▶ _WHAT YOU WILL DO_: What the answer must contain is every line of the records, exactly, with no pictures.

DATASET ENTRIES section start

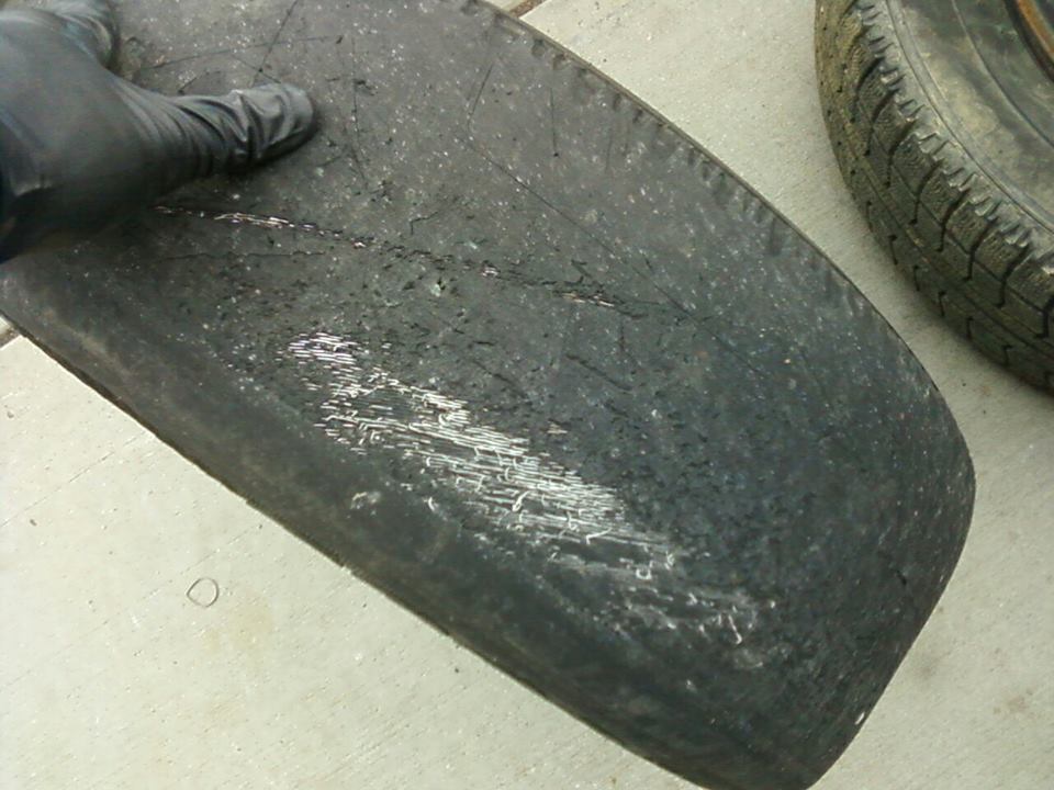 throwing this out there, LFS is one of the FEW driving sims that actually do this right. believe it or not, whcih saddens me these days so very few real drivers because of how cars are now even making humans believe there is a "drift mode" in real life makes me sick but, topic at hand YES the jelly tires ARE realistic, in fact a lot of times it has saved my car and possibly me in real life, when they turn to jelly on ur ass in the seat, it lets you know they are about to explode, i will enclose a picture of my tire with new/old ones going on in the back of pic, and the jelly feeling is how i was able to predict my tires needed changing asap (daily driver/toy/all rolled into one)
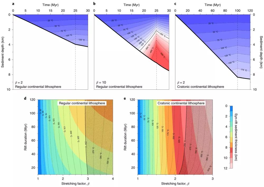 图4 盆地沉降历史热模拟。a.普通大陆岩石圈内同裂谷沉积,β=2;b.普通大陆岩石圈内同裂谷沉积,β=10;c.克拉通大陆岩石圈内同裂谷沉积,β=2;d.普通大陆岩石圈裂谷作用控制下的成矿系统,颜色代表沉积物厚度,阴影区代表温度过高不沉淀金属矿物;e.克拉通大陆岩石圈裂谷作用控制下的成矿系统(Hoggard et al., 2020)
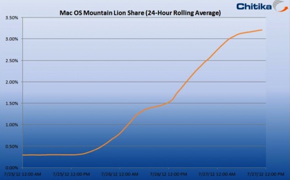 Sono passate 48 ore dal lancio di Mountain Lion e si cominciano a contare i risultati di questo nuovo sistema operativo. Il prezzo di lancio (15euro) ha sicuramente favorito l’affermarsi di questo nuovo sistema operativo, tanto che adesso il 3% dei Mac in circolazione hanno attualmente sistema operativo Mountain Lion.
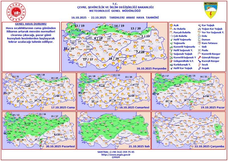 Meteoroloji Genel Müdürlüğü tarafından yapılan tahminlere göre: Ülkemizin kuzey, iç ve batı kesimleri parçalı yer yer çok bulutlu, Marmara'nın kuzeyi, Batı Karadeniz (Zonguldak ve Düzce haric), Orta ve Doğu Karadeniz kıyıları ile Artvin ve Bandırma çevrelerinin aralıklı yağmur ve sağanak yağışlı, diğer yerlerin az bulutlu ve açık geçeceği tahmin ediliyor. Sabah ve gece saatlerinde Marmara'nın güneyi, Ege ve Karadeniz'in iç kesimlerinde pus ve yer yer sis hadisesi bekleniyor.
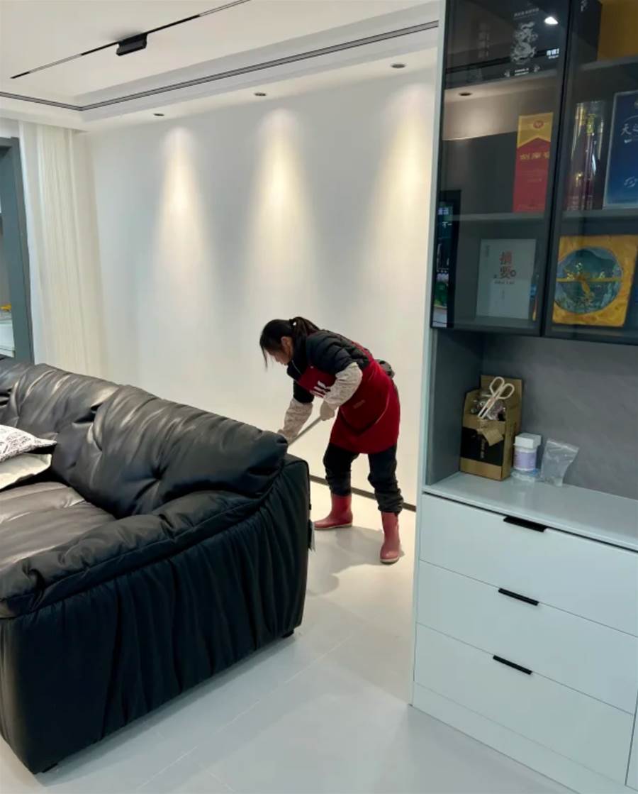 阿姨幹活特別麻利,先從廚房開始,擦油煙機、刷灶臺、清理櫥櫃死角,連地面的油汙都擦得鋥亮,一點汙漬都看不見; 接著又收拾客廳,擦窗戶、拖地面、整理雜物,把散落的玩具一個個歸置好,就連沙發縫隙裡的灰塵都用吸塵器吸得乾乾淨淨;最後去收拾臥室和陽臺,把女兒衣櫃裡剩下的衣服整理整齊,還細心地把疊好的衣服分好類,放進衣櫃的不同格子裡。
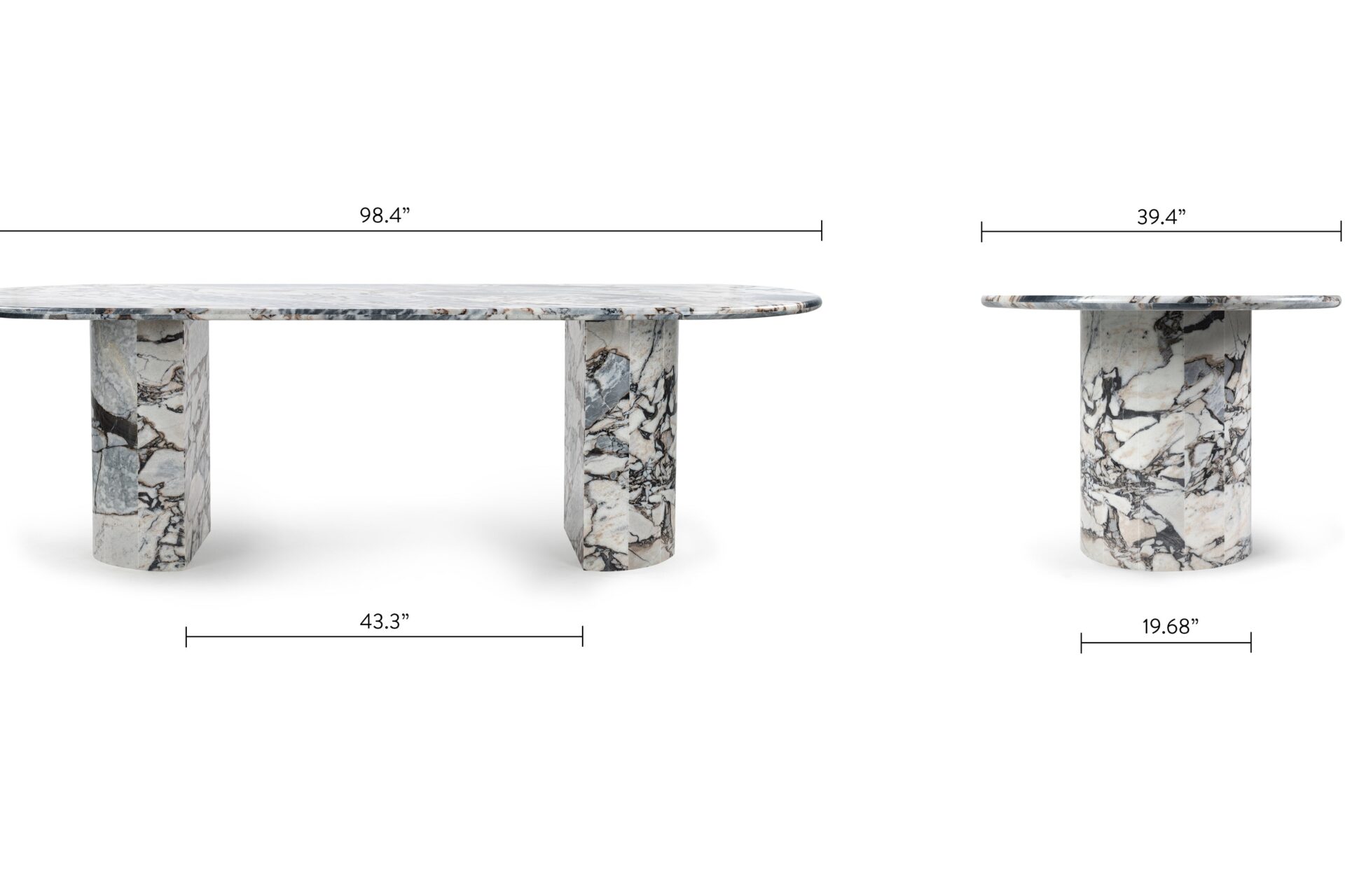 The Dante Dining Table is the perfect choice for spacious dining areas, whether large or open-plan. Representing elegance at its finest, this dining table boasts a sleek and uncluttered design that beautifully complements the luxurious Italian modellato marble it showcases. Featuring a refined polished finish, the marble dining table serves as a remarkable centerpiece for dining and entertaining. Its expansive 98” top is upheld by two half-moon column legs that exude classical architectural charm while embracing a modern and contemporary appeal.
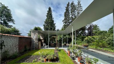 <p>Tegen de woning is een luifel voorzien die dezelfde footprint als het Koetshuis krijgt: centraal in deze frèle luifel is een tuin voorzien. De luifel is dus een verlenging van de leefruimte met buitenleefruimte. De slanke, stalen, witte luifel vormt als een blad papier een subtiele scheiding tussen de verschillende tuinen en staat bovendien mooi in contrast met de bakstenen volumes van de burgemeesterwoning. Het stalen blad van 15 mm is ter plaatse gelast op 9 stalen kolommen van slechts 60 mm breed. Het gebruik van staal heeft bij dit ontwerp geleidt tot een slank en contrasterend element dat in zijn karakter volledig los en complementair staat van het erfgoed volume.</p>

DATASET ENTRIES section end

▶ _SOLVED EXERCISE_:
 throwing this out there, LFS is one of the FEW driving sims that actually do this right. believe it or not, whcih saddens me these days so very few real drivers because of how cars are now even making humans believe there is a "drift mode" in real life makes me sick but, topic at hand YES the jelly tires ARE realistic, in fact a lot of times it has saved my car and possibly me in real life, when they turn to jelly on ur ass in the seat, it lets you know they are about to explode, i will enclose a picture of my tire with new/old ones going on in the back of pic, and the jelly feeling is how i was able to predict my tires needed changing asap (daily driver/toy/all rolled into one)
 图4 盆地沉降历史热模拟。a.普通大陆岩石圈内同裂谷沉积,β=2;b.普通大陆岩石圈内同裂谷沉积,β=10;c.克拉通大陆岩石圈内同裂谷沉积,β=2;d.普通大陆岩石圈裂谷作用控制下的成矿系统,颜色代表沉积物厚度,阴影区代表温度过高不沉淀金属矿物;e.克拉通大陆岩石圈裂谷作用控制下的成矿系统(Hoggard et al., 2020)
 Sono passate 48 ore dal lancio di Mountain Lion e si cominciano a contare i risultati di questo nuovo sistema operativo. Il prezzo di lancio (15euro) ha sicuramente favorito l’affermarsi di questo nuovo sistema operativo, tanto che adesso il 3% dei Mac in circolazione hanno attualmente sistema operativo Mountain Lion.
 Meteoroloji Genel Müdürlüğü tarafından yapılan tahminlere göre: Ülkemizin kuzey, iç ve batı kesimleri parçalı yer yer çok bulutlu, Marmara'nın kuzeyi, Batı Karadeniz (Zonguldak ve Düzce haric), Orta ve Doğu Karadeniz kıyıları ile Artvin ve Bandırma çevrelerinin aralıklı yağmur ve sağanak yağışlı, diğer yerlerin az bulutlu ve açık geçeceği tahmin ediliyor. Sabah ve gece saatlerinde Marmara'nın güneyi, Ege ve Karadeniz'in iç kesimlerinde pus ve yer yer sis hadisesi bekleniyor.
 阿姨幹活特別麻利,先從廚房開始,擦油煙機、刷灶臺、清理櫥櫃死角,連地面的油汙都擦得鋥亮,一點汙漬都看不見; 接著又收拾客廳,擦窗戶、拖地面、整理雜物,把散落的玩具一個個歸置好,就連沙發縫隙裡的灰塵都用吸塵器吸得乾乾淨淨;最後去收拾臥室和陽臺,把女兒衣櫃裡剩下的衣服整理整齊,還細心地把疊好的衣服分好類,放進衣櫃的不同格子裡。
 The Dante Dining Table is the perfect choice for spacious dining areas, whether large or open-plan. Representing elegance at its finest, this dining table boasts a sleek and uncluttered design that beautifully complements the luxurious Italian modellato marble it showcases. Featuring a refined polished finish, the marble dining table serves as a remarkable centerpiece for dining and entertaining. Its expansive 98” top is upheld by two half-moon column legs that exude classical architectural charm while embracing a modern and contemporary appeal.
 <p>Tegen de woning is een luifel voorzien die dezelfde footprint als het Koetshuis krijgt: centraal in deze frèle luifel is een tuin voorzien. De luifel is dus een verlenging van de leefruimte met buitenleefruimte. De slanke, stalen, witte luifel vormt als een blad papier een subtiele scheiding tussen de verschillende tuinen en staat bovendien mooi in contrast met de bakstenen volumes van de burgemeesterwoning. Het stalen blad van 15 mm is ter plaatse gelast op 9 stalen kolommen van slechts 60 mm breed. Het gebruik van staal heeft bij dit ontwerp geleidt tot een slank en contrasterend element dat in zijn karakter volledig los en complementair staat van het erfgoed volume.</p>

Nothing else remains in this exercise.